Standard approach and problems

In order to efficiently solve the above formula in a distributed way, we first looked at how systems that are similar in design to Giraph do it (using message passing instead of map/reduce). The standard approach corresponds to having both users and items as vertices of a graph, with edges representing known ratings. An iteration of SGD/ALS would then send user and/or item feature vectors across all the edges of the graph and do local updates.

There are a few problems with this solution:

  1. Huge amount of network traffic: This is the main bottleneck of all distributed matrix factorization algorithms. Since we send a feature vector across each edge of the graph, the amount of data sent over the wire in one iteration is proportional to #Ratings * #Features (here and later in the text we use # as notation for ‘number of’). For 100 billion ratings and 100 double features, this results in 80 TB of network traffic per iteration. Here we assumed that users and items are distributed randomly, and we are ignoring the fact that some of the ratings can live on the same worker (on average, this should be multiplied by the factor 1 – (1 / #Workers)). Note that smart partitioning can’t reduce network traffic by a lot because of the items that have large degrees, and that would not solve our problem.
  2. Some items in our data sets are very popular, so item degree distribution is highly skewed: This can cause memory problems — every item is receiving degree * #Features amount of data.
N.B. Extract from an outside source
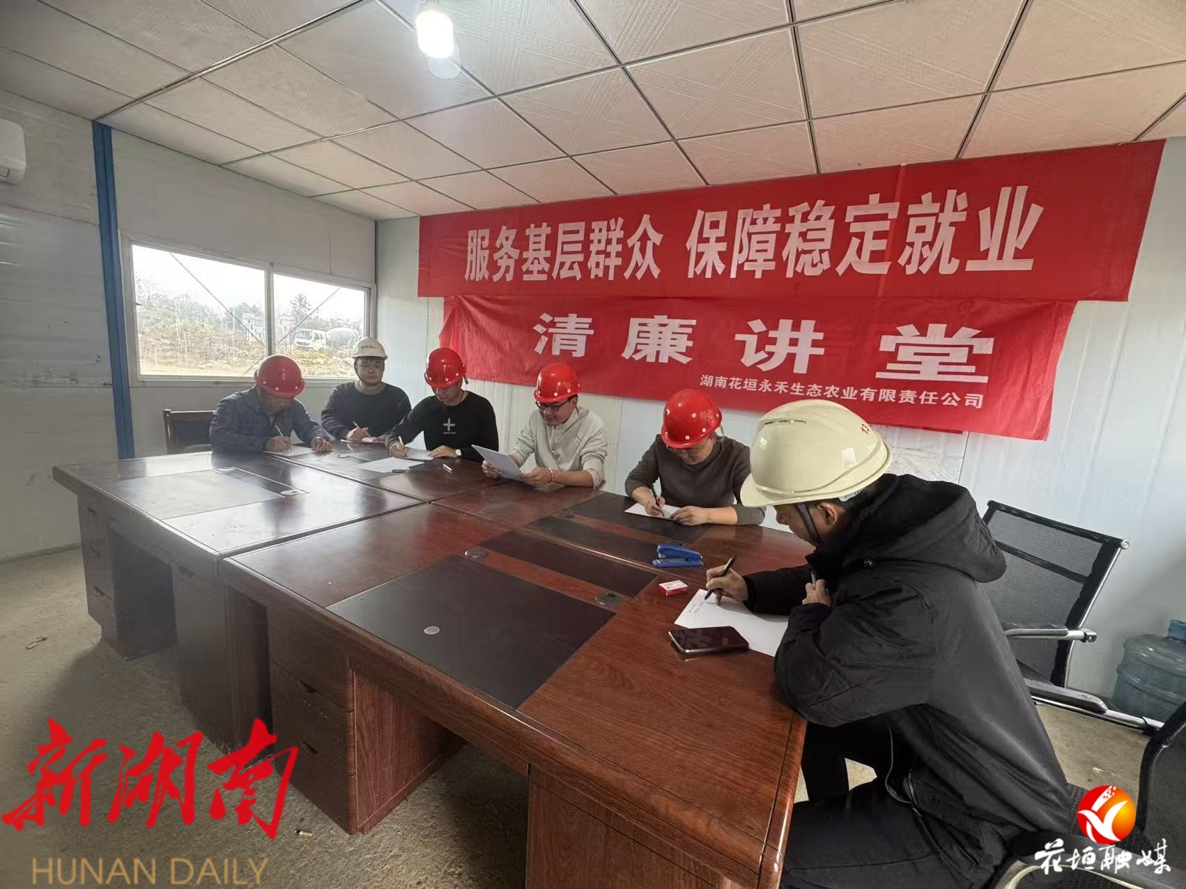 湖南日报·新湖南客户端12月6日讯(通讯员 吴志刚)12月3日,花垣永禾生态农业有限责任公司在花垣县国家农村产业融合发展示范园建设项目——农产品烘干仓储中心施工现场,开展“清廉讲堂进工地”活动。项目部全体管理人员、施工单位骨干、监理人员及关键岗位人员共同参加,接受廉洁从业教育。

For example, if an item has 100 million known ratings and 100 double features are used, this item alone would receive 80 GB of data. Large-degree items also cause processing bottlenecks (as every vertex is atomically processed), and everyone will wait for a few largest-degree items to be finished.
  3. This does not implement SGD exactly in the original formulation: Every vertex is working with feature vectors that it received in the beginning of the iteration, instead of the latest version of them. For example, say item A has ratings for users B and C. In a sequential solution, we’d update A and B first, getting A’ and B’, and then update A’ and C. With this solution, both B and C will be updated with A, the feature vector for the item from the beginning of the iteration. (This is practiced with some lock-free parallel execution algorithms and can slow down the convergence.)

Our solution — rotational hybrid approach

The main problem is sending all updates within each iteration, so we needed a new technique of combining these updates and sending less data. First we tried to leverage aggregators and use them to distribute item data, but none of the formulas we tried for combining partial updates on the item feature vectors worked well.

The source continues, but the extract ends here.